SQL
SQL Query: Structure Complex Logic with Common Table Expressions (CTEs)
Enhance SQL query readability and modularity by breaking down complex logic into manageable, reusable steps using Common Table Expressions (WITH clause).
WITH
RecentOrders AS (
SELECT
order_id, customer_id, order_date, total_amount
FROM
orders
WHERE
order_date >= CURRENT_DATE - INTERVAL '30 days'
),
CustomerTotals AS (
SELECT
customer_id,
COUNT(order_id) AS total_recent_orders,
SUM(total_amount) AS total_recent_spending
FROM
RecentOrders
GROUP BY
customer_id
)
SELECT
c.customer_id,
c.customer_name,
ct.total_recent_orders,
ct.total_recent_spending
FROM
customers c
JOIN
CustomerTotals ct ON c.customer_id = ct.customer_id
WHERE
ct.total_recent_spending > 1000
ORDER BY
ct.total_recent_spending DESC;
How it works: Common Table Expressions (CTEs), introduced by the `WITH` clause, allow you to define temporary, named result sets that you can reference within a single SQL statement.
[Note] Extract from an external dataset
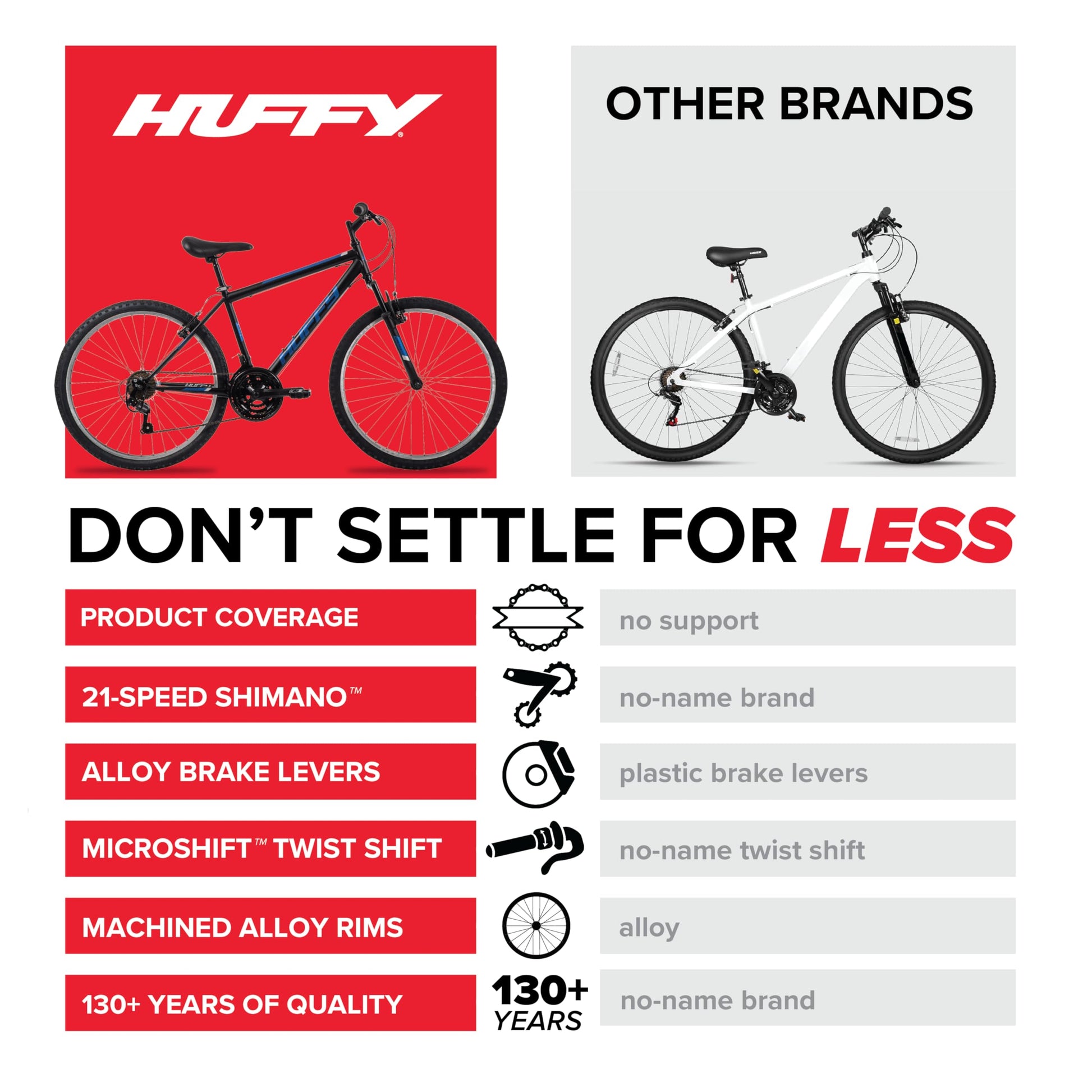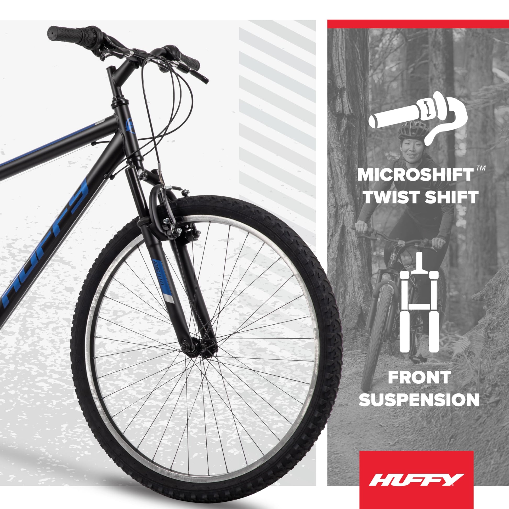 Huffy Stone Mountain Mens 26 Inch Mountain Bike, Matte Black Frame, 21-Speed Shimano Twist Shifting, Front Suspension, Comfort Saddle | 20"/24"/26" Sizes, 6-21 Speeds, Dual Suspension Available |

This snippet uses two CTEs: `RecentOrders` filters orders from the last 30 days, and `CustomerTotals` aggregates spending for those customers. The main query then joins these CTEs with the `customers` table to retrieve recent spending details, significantly improving query readability and maintainability for multi-step logic.